Since Bug 145636 did not describe steps to reproduce, we don't know how to trigger permanent EIO error
despite child process is still alive. Since in.telnetd process will automatically terminate due to
signal(SIGCHLD, cleanup), I consider that it is unlikely that we hit permanent EIO error despite child
process is still alive. Therefore, I consider that the risk of retrying for longer period is quite small.
An example mitigation patch for RHEL's version is attached.

Comment 5 Michal Ruprich 2020-08-06 10:42:18 UTC

(In reply to Tetsuo Handa from comment #0)
> Actual results:
> 
> in.telnetd process closes connection before reaching login: prompt.
> 
> ----------
> $ (echo ''; sleep 3) | telnet 127.0.0.1
> Trying 127.0.0.1...
> Connected to 127.0.0.1.
> Escape character is '^]'.
> 
> Kernel 3.10.0-1127.13.1.el7.x86_64 on an x86_64
> 
> Connection closed by foreign host.
> ----------
> 
> 
> 
> Expected results:
> 
> in.telnetd process closes connection after reaching login: prompt.
> 
> ----------
> $ (echo ''; sleep 3) | telnet 127.0.0.1
> Trying 127.0.0.1...
> Connected to 127.0.0.1.
> Escape character is '^]'.
> 
> Kernel 3.10.0-1127.13.1.el7.x86_64 on an x86_64
> 
> localhost login: Connection closed by foreign host.
> ----------
Hi Tetsuo, 

the expected result is visible when you use systemctl instead of xinetd to start telnetd.

# systemctl start telnet.socket
# ss -tlnup
.....
LISTEN   0   128   [::]:23   [::]:*   users:(("systemd",pid=1,fd=44))
.....
# (echo ''; sleep 3) | telnet 127.0.0.1
Trying 127.0.0.1...
Connected to 127.0.0.1.
Escape character is '^]'.

Kernel 3.10.0-1158.el7.x86_64 on an x86_64

ci-vm-10-0-138-196 login: Connection closed by foreign host.

The login is reached with the reproducer under systemctl. Can you use this instead of xinetd? Would that solve the problem you are having?

Thanks and regards,
Michal Ruprich

Comment 6 Michal Ruprich 2020-08-06 10:44:37 UTC

Hi Masaharu,

maybe the suggestion from comment #5 might help your customer as well?

Thanks and regards,
Michal Ruprich

Comment 7 Tetsuo Handa 2020-08-06 11:21:48 UTC

Use of systemctl does not help.

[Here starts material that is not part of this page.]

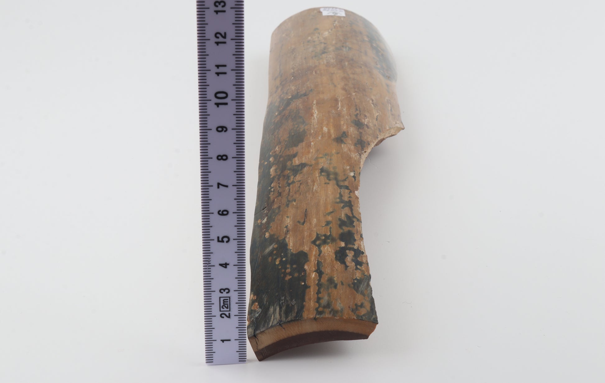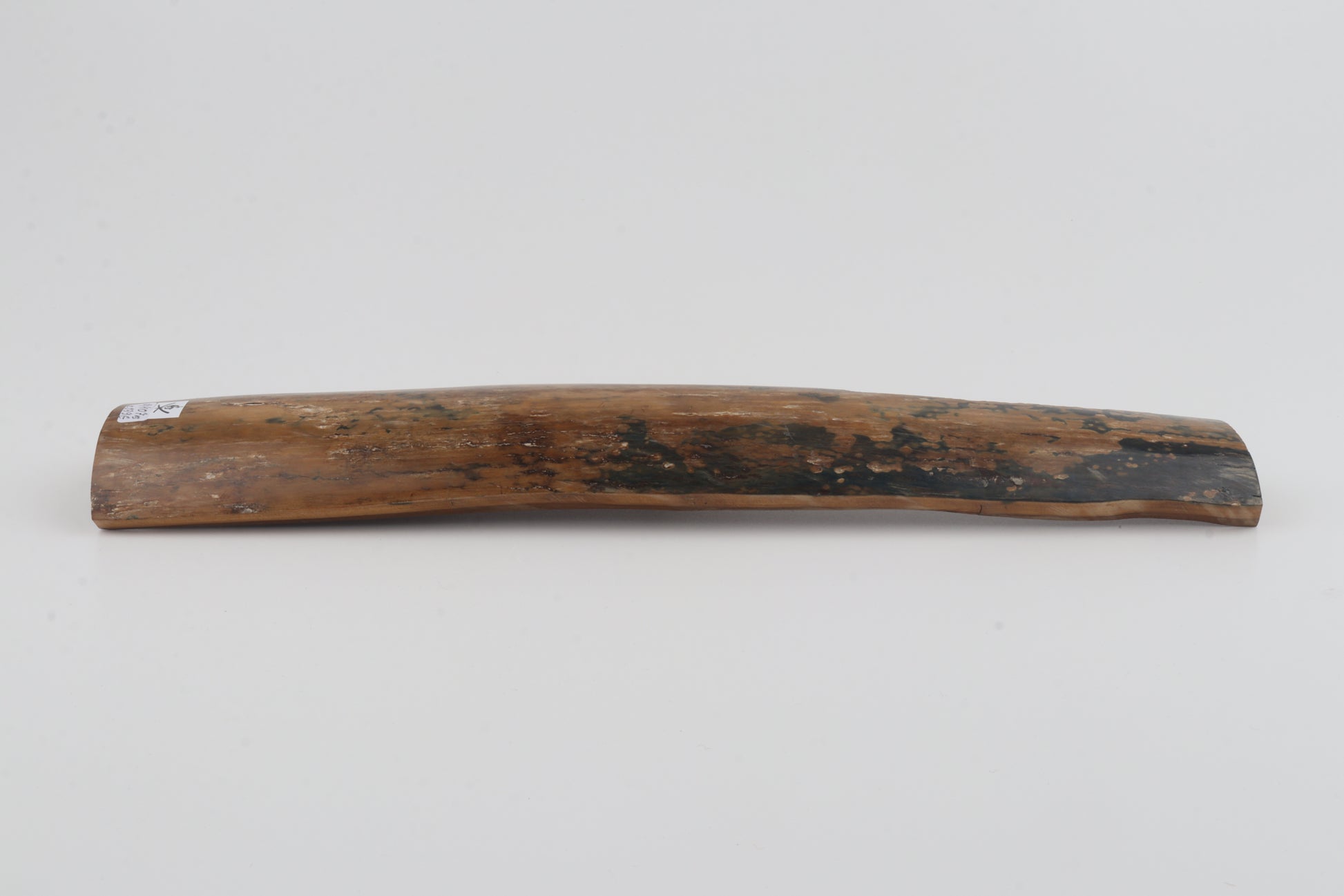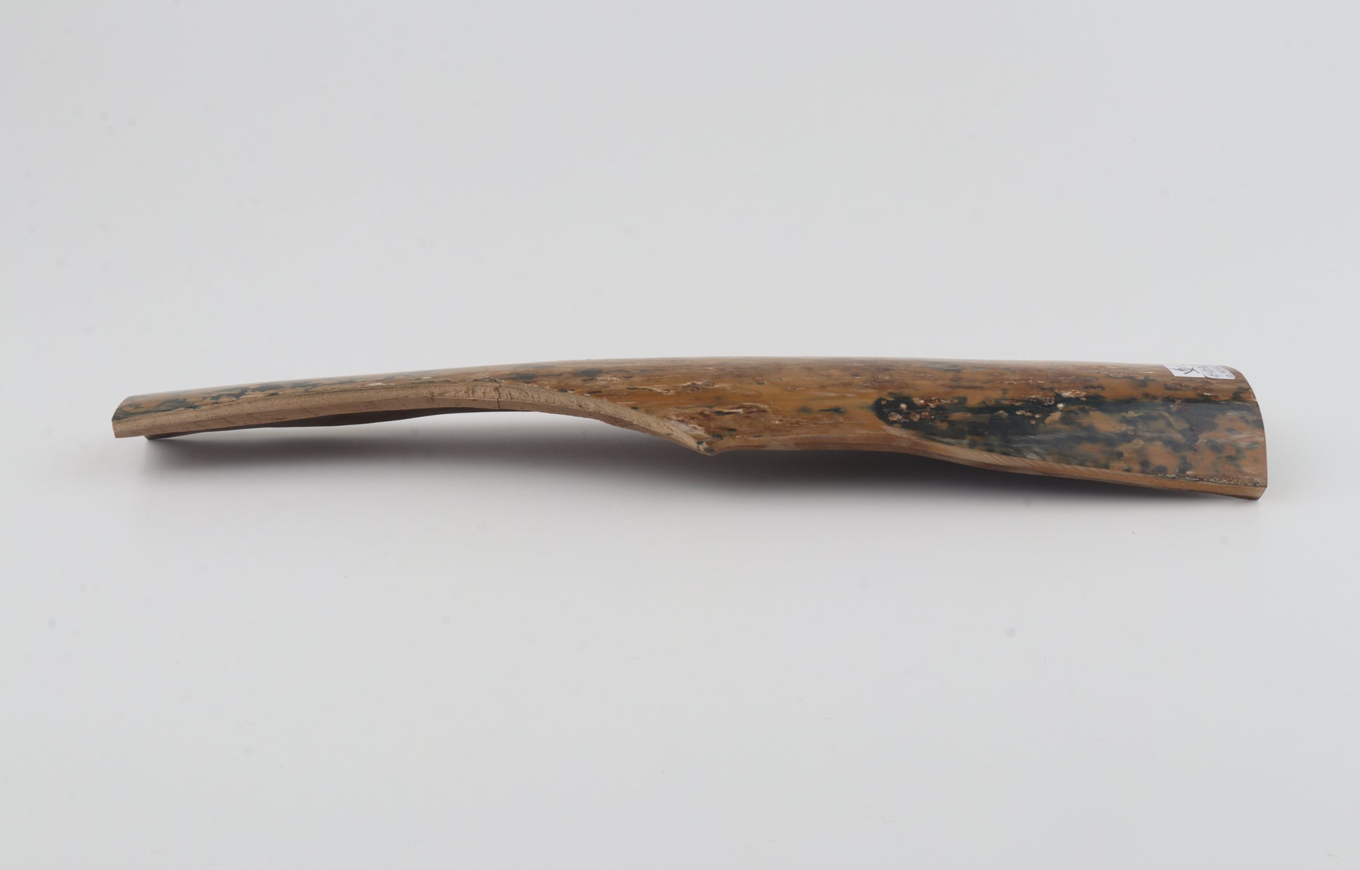 This is a premium-quality piece of Siberian woolly mammoth bark (Mammuthus primigenius). The ivory is naturally dense and solid, despite one tiny, non-penetrating fissure on the edge of one cross-cut section. Tapered width and thickness with reserves on both ends: One cross-cut section is thinner and wider than the other. One side was cut at an angle - please carefully look at the pictures for precise dimensions. The natural colour of the bark is a mix of mustard and blue.

If you create /etc/systemd/system/telnet@.service from /usr/lib/systemd/system/telnet@.service with

  -ExecStart=-/usr/sbin/in.telnetd
  +ExecStart=-/usr/bin/strace -ttf -o /tmp/strace.log /usr/sbin/in.telnetd

modification, the same result will be observed.

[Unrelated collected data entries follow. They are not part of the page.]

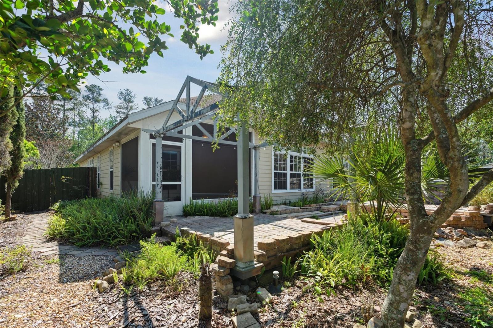 Short Sale. WILL NOT LAST! Welcome to this stunning corner lot in the highly sought after gated community of Turkey Creek. This three bedroom, two bath home is nestled within Creekside Villas and spans just under 1,700 square feet. The home is perfectly situated on a coveted corner lot, offering privacy and tranquility. Step inside to be greeted by the grandeur of high ceilings and open concept living. The beautiful chef's kitchen with cherry wood cabinets, a pantry and breakfast bar that over looks the spacious family room. The primary suite boasts a jetted tub, walk-in shower and massive walk-in closet. Step outside on the screened back porch looking over the gorgeous lanai, landscaped yard, and relaxing hot tub. Fully fenced in yard ensures privacy and security. Just minutes to downtown Alachua and 5 minutes to Gainesville. Don't miss this great opportunity. This home will not last!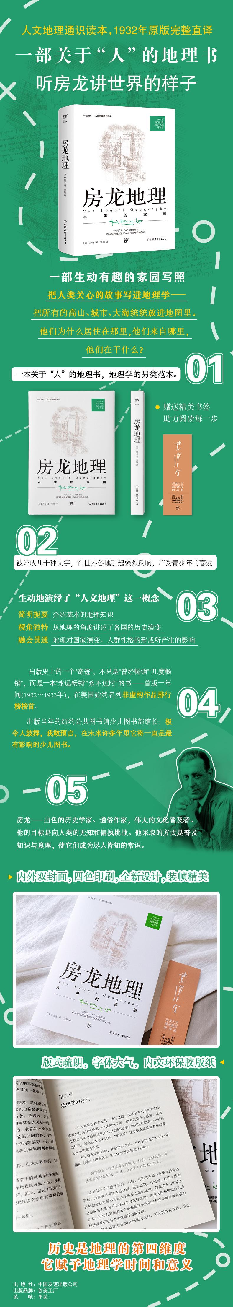 1. Un libro de geografía sobre "personas", un modelo alternativo de geografía. 2. Interpreta vívidamente el concepto de "geografía humana": no solo introduce brevemente conocimientos geográficos básicos, sino que también cuenta la evolución histórica de varios países desde una perspectiva geográfica única, y analiza el impacto de la geografía en la evolución histórica del país y la formación del carácter de las personas. 3. Ha sido traducido a docenas de idiomas y ha suscitado fuertes repercusiones en todo el mundo, especialmente amado por los jóvenes. 4. Dentro de un año de la primera edición (1932-1933), siempre ha encabezado la lista de obras de no ficción en los Estados Unidos. Un "milagro" de la publicación en la actualidad no es solo un "éxito de ventas único" o "varios éxitos de ventas", sino un libro "siempre superventas" y "nunca desactualizado". Etc.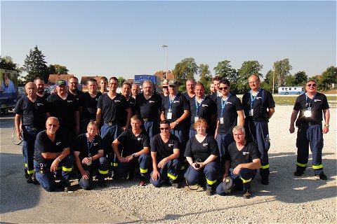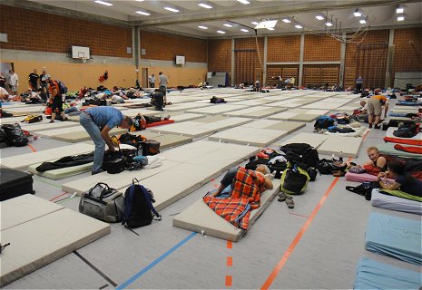 ![]() So viele ehrenamtliche Helfer des THW sind im Einsatz, um täglich 1200 Matratzen und bis zu 24 Tonnen Gepäck für uns zu schleppen |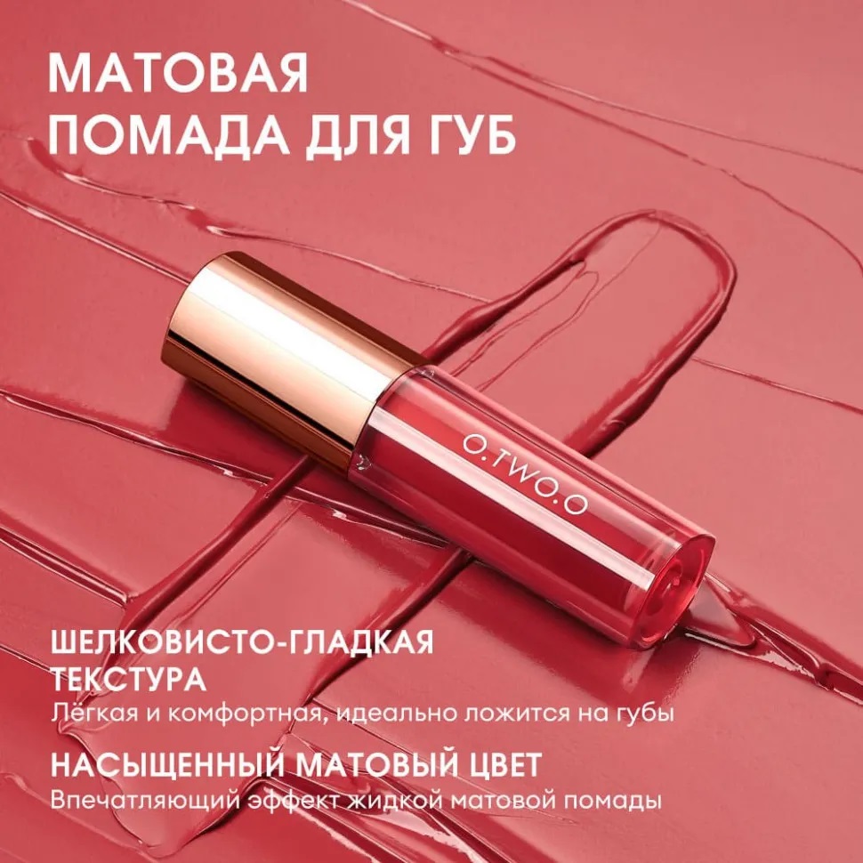 Матовая помада для губ O.TWO.O вельветовая #08 - Розовый 10 фото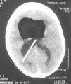 Pruebas complementarias: radiografía lateral de cráneo (fig. 1): neumoencéfalo en los ventrículos laterales (neumoventrículo) y VDVP. TC de cráneo (fig. 2): neumoventrículo con dilatación de los ventrículos laterales y VDVP.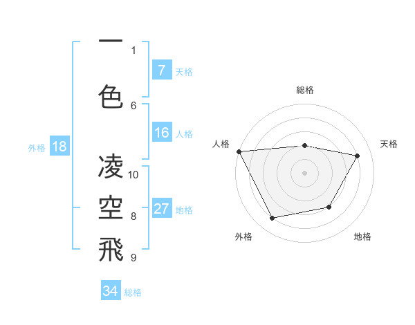一色 凌空飛さんの総格は34画の2点!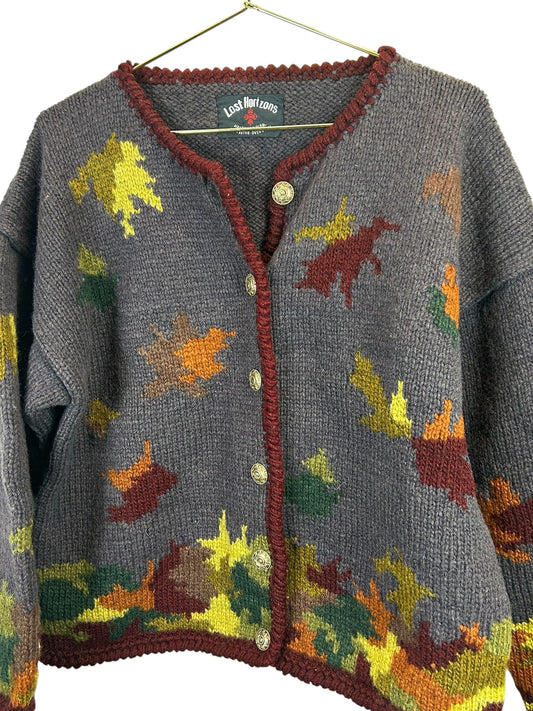 Vintage Lost Horizons Cardigan Sweater Women Hand Knit in Nepal- Wool

I'm using strace in order to drive up the frequency of this failure for explanation/testing purpose. 
The customer is not running under strace.

The customer says that the frequency of this failure is a few percent, and avoiding this failure on the server side is important because it is impossible to implement retry logic on the client side.
(I created a public Bugzilla entry on behalf of the customer. I expect that the customer already created a RH support case for details.)

Comment 10 Michal Ruprich 2020-08-11 11:11:05 UTC

Hi Tetsuo,

I think that the patch seems reasonable. Just one thing, why did you use poll(NULL, 0, 10)? Why not use a simple sleep(0.01)? I am just wondering what might be better at this point but I probably don't see a difference between those two.

Thanks and regards,
Michal

Comment 11 Tetsuo Handa 2020-08-11 11:18:41 UTC

Because unlike sleep(1), sleep(3) accepts "seconds".

  unsigned int sleep(unsigned int seconds);

Comment 20 errata-xmlrpc 2020-11-10 13:04:04 UTC

Since the problem described in this bug report should be
resolved in a recent advisory, it has been closed with a
resolution of ERRATA.

For information on the advisory (telnet bug fix and enhancement update), and where to find the updated
files, follow the link below.

If the solution does not work for you, open a new bug report.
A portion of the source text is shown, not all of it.